Importantly, CRS is characterized by a long “tail” of rare genetic diagnoses. In the Oxford survey [17], pathogenic variants in 20 rarely involved genes accounted for 23/666 (3.5%) of all cases, and in the exome/genome sequencing study [20], the 15 new diagnoses were identified in 14 different genes. A recent study from Norway reported similar findings [21]. As we expect the patients enrolled into 100kGP to be enriched for rare genetic causes, this heterogeneity presents a substantial challenge for pipeline-based diagnosis, so we considered that CRS could represent a stringent test of how well the GE/GMC pipeline worked. This work demonstrates the substantial benefit of exploiting specialist research expertise to augment the overall diagnostic rate in 100kGP, and indicates ways in which the diagnostic pipeline could be improved.

MATERIALS AND METHODS

Craniosynostosis disease cohort

The clinical protocol for 100kGP was approved by East of England–Cambridge South Research Ethics Committee (14/EE/1112).

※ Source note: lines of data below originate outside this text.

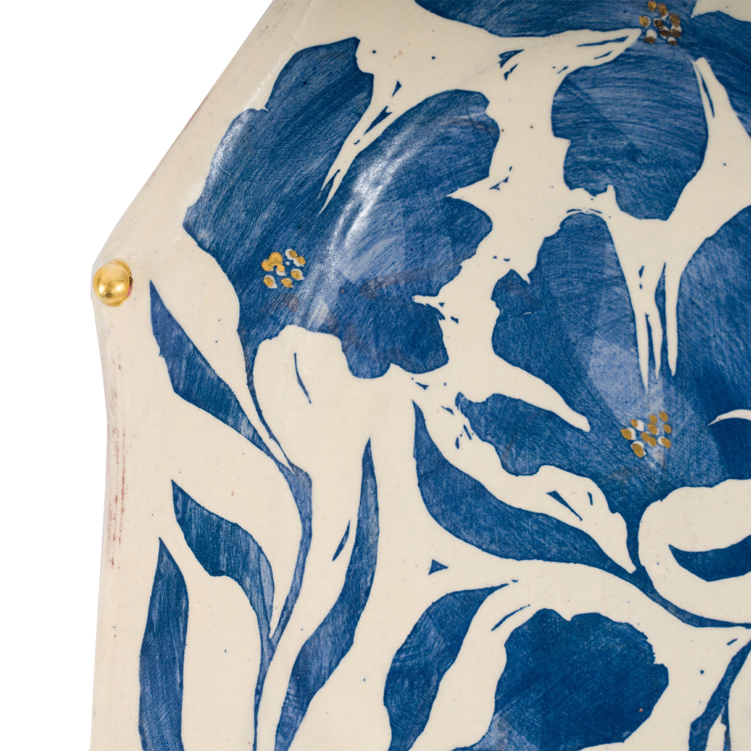 Terracotta intricately decorated in blue glaze, 9ct gold lustreware and slip.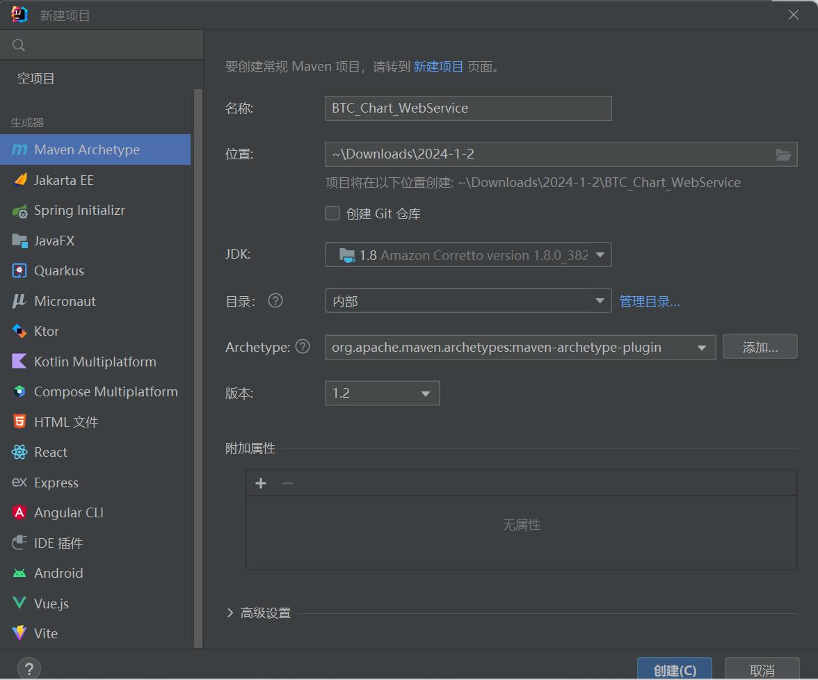 (2)为项目输入项目名称“BTC_Chart_WebService”,并在左侧菜单中选择Maven Archetype后选择一个项目存放位置,然后点击下一步。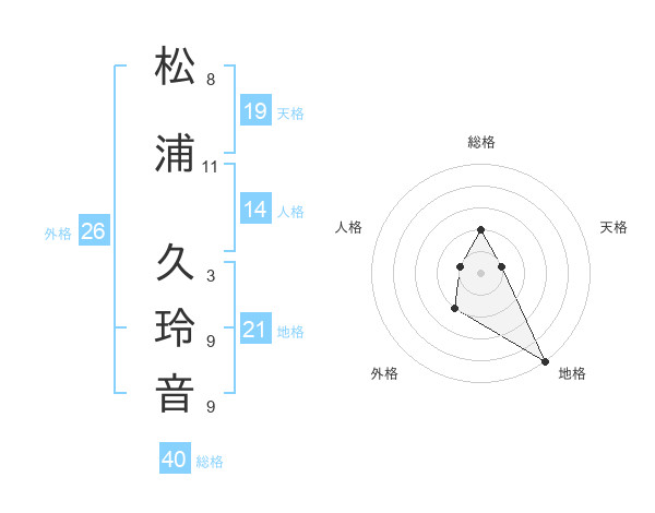 松浦 久玲音さんを姓名の画数から五運を鑑定
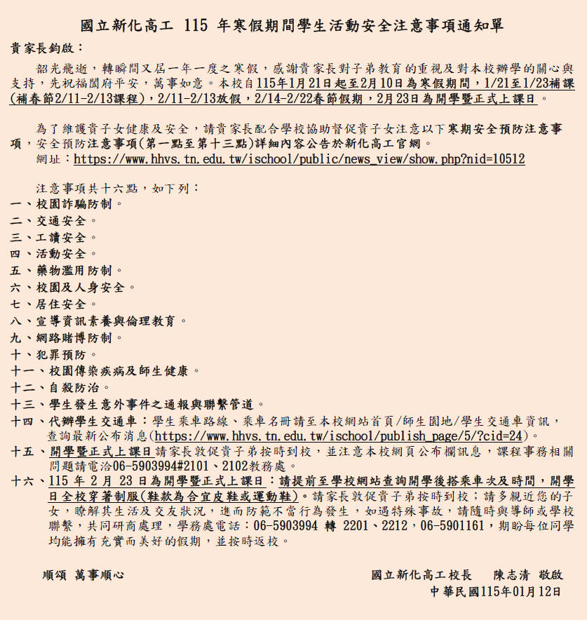 【國立新化高工 115 年寒假期間學生活動安全注意事項通知單暨各級學校115寒假期間學生活動安全注意事項】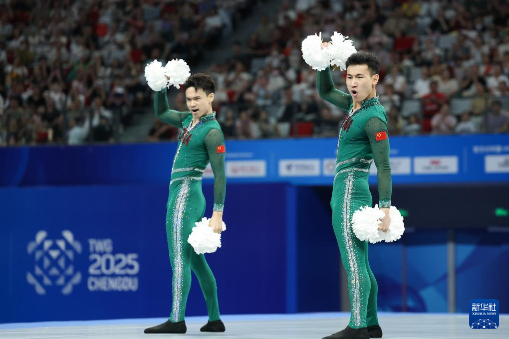 当日,2025年成都世运会啦啦操双人花球半决赛第一轮举行。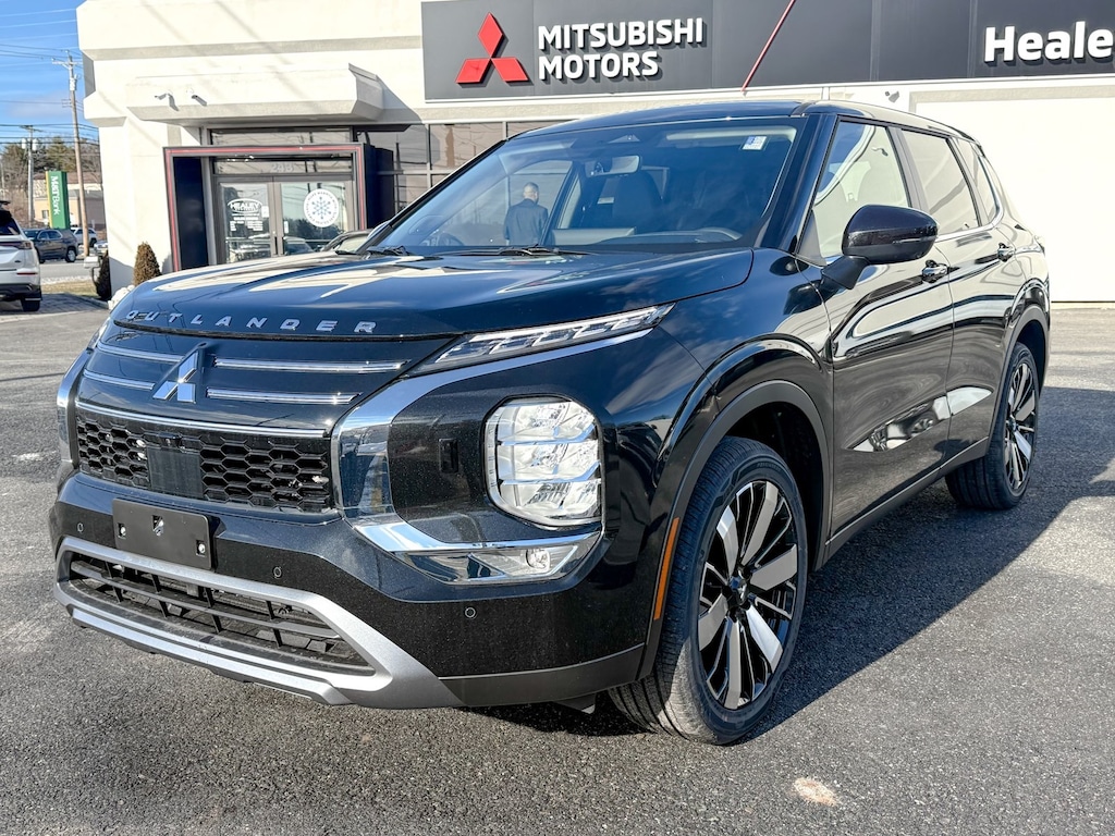Black 2026 Mitsubishi Outlander 4WD CVT 1.5L I4 Turbocharged DOHC 16V LEV3-SULEV30 174hp 3rd row seats: split-bench, 4-Wheel Disc Brakes, 8 Speakers, ABS brakes, Air Conditioning, Alloy wheels, AM/FM radio: SiriusXM, Android Auto & Apple CarPlay, Auto High-beam Headlights, Auto-dimming Rear-View mirror, Automatic temperature control, Brake assist, Bumpers: body-color, Driver door bin, Driver vanity mirror, Dual front impact airbags, Dual front side impact airbags, Electronic Stability Control, Emergency communication system: Mitsubishi Connect w/ 24-month trial, Exterior Parking Camera Rear, Four wheel independent suspension, Front anti-roll bar, Front Bucket Seats, Front Center Armrest w/Storage, Front dual zone A/C, Front fog lights, Front reading lights, Fully automatic headlights, Headlight cleaning, Heated door mirrors, Heated Front Bucket Seats, Heated front seats, Illuminated entry, Knee airbag, Leather Shift Knob, Leather steering wheel, Low tire pressure warning, Navigation System, Occupant sensing airbag, Outside temperature display, Overhead airbag, Overhead console, Panic alarm, Passenger door bin, Passenger vanity mirror, Power door mirrors, Power driver seat, Power steering, Power windows, Radio data system, Radio: AM/FM 12.3" Navigation with Smartphone-Link, Rain sensing wipers, Rear anti-roll bar, Rear seat center armrest, Rear side impact airbag, Rear window defroster, Rear window wiper, Reclining 3rd row seat, Remote keyless entry, Security system, Speed control, Speed-Sensitive Wipers, Split folding rear seat, Spoiler, Steering wheel mounted audio controls, Synthetic Leather Seating Surfaces, Tachometer, Telescoping steering wheel, Tilt steering wheel, Traction control, Trip computer, Turn signal indicator mirrors, Variably intermittent wipers.

Written informed consent to obtain samples for genetics research was obtained. Patient recruitment for CRS required (1) the presence of multiple suture fusions and/or (2) additional clinical features or positive family history, indicating a syndrome; previous genetic testing for common causes of CRS and, if syndromic, normal chromosomal microarray, were also required (see Box S1 for details). Peripheral blood samples were obtained by venipuncture and DNA extracted for sequencing on Illumina instruments. Whenever possible, sporadically affected cases were sequenced as trios with their unaffected parents.

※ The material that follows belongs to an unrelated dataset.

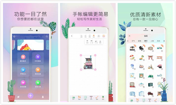 这款APP很小清新,界面设置很合理,功能一目了然,重要的是它编辑起来很简单,即使是手帐新手也能快速制作出合自己心意的手帐。另外,它还提供了很多清新可爱的素材供你选择,反正有了它们不怕会做不出好看的手帐,另外它还支持将弄好的手帐打印出来。

In 51 of the 114 families recruited, written informed consent had previously been obtained by researchers in the Clinical Genetics Group, Oxford (CGG) to investigate genetic causes of CRS (Oxfordshire Research Ethics Committee B [C02.143] and London–Riverside Research Ethics Committee [09/H0706/20]). This enabled independent molecular confirmation of some diagnoses by the CGG.

Tiering pipeline

The pipeline used by GE/GMC to prioritize small variants (SNVs and indels <50 base pairs) into tiers is summarized in Box 1 [22]. Genomes were interrogated as family units; algorithms including frequency in control populations, mode of inheritance, appropriate segregation, effect on protein coding, and genotype–phenotype association were used to assign variants into four categories (tiers 1–3, with tier 1 the highest ranked, and “tier null” for the remainder), using complete or incomplete penetrance modes according to clinical indication [22]. This information was intersected with curated gene panels in PanelApp (applied depending on the clinical indication and phenotype data for each participant), prioritizing variants in diagnostic grade (“green”) genes (Box 1) [9]. Part-way through the program (Data Release V7, 25/07/19), Exomiser (comprising a suite of algorithms using random-walk analysis of protein interaction networks, clinical relevance, and cross-species phenotype comparisons) [23] was incorporated as an additional tool to rank potentially pathogenic variants based on frequency, predicted pathogenic impact, inheritance, and phenotype match. GMCs validated the prioritized results experimentally (usually by dideoxy-sequencing), and closed the case once assessment was complete. Importantly, GMCs were only mandated to examine all tier 1 and 2 variants, whereas examination of the longer list of tier 3 variants and Exomiser hits was discretionary, with variable effort (Box 1) [5]. Addition of new genes to the green category in PanelApp did not automatically trigger reassessment of closed cases.

CNV calls produced by Canvas software [24] were introduced into the pipeline in January 2019, but were not implemented on closed cases. The pipeline reported CNV calls >10 kb with a call quality score >10, and annotated and displayed CNV calls from the proband without considering mode of inheritance. Calls were assigned tier A if the CNV overlapped with a pathogenic region in a green gene in a panel applied to the patient (Box 1). In contrast to small variant tiering, a heterozygous CNV encompassing a biallelic gene would be tiered. Tier null CNVs were those that did not meet the criteria for tier A reporting.

Audit of GE/GMC-reported variants

Probands were identified by searching the Clinical Variant Ark (a restricted-access NHS database detailing all cases, variants, and phenotypes reported from 100kGP) for participants recruited with the clinical indications “CRS syndromes” or “CRS syndromes phenotypes." Phenotype data, applied gene panels, their iterations, and case status information were collected for each participant. Cases lacking CRS-related terms in the associated Human Phenotype Ontology (HPO) data [25] were excluded. For each case we determined whether the GMC had established a pathogenic or likely pathogenic variant, according to ACMG/AMP criteria [26], which we considered established a molecular diagnosis.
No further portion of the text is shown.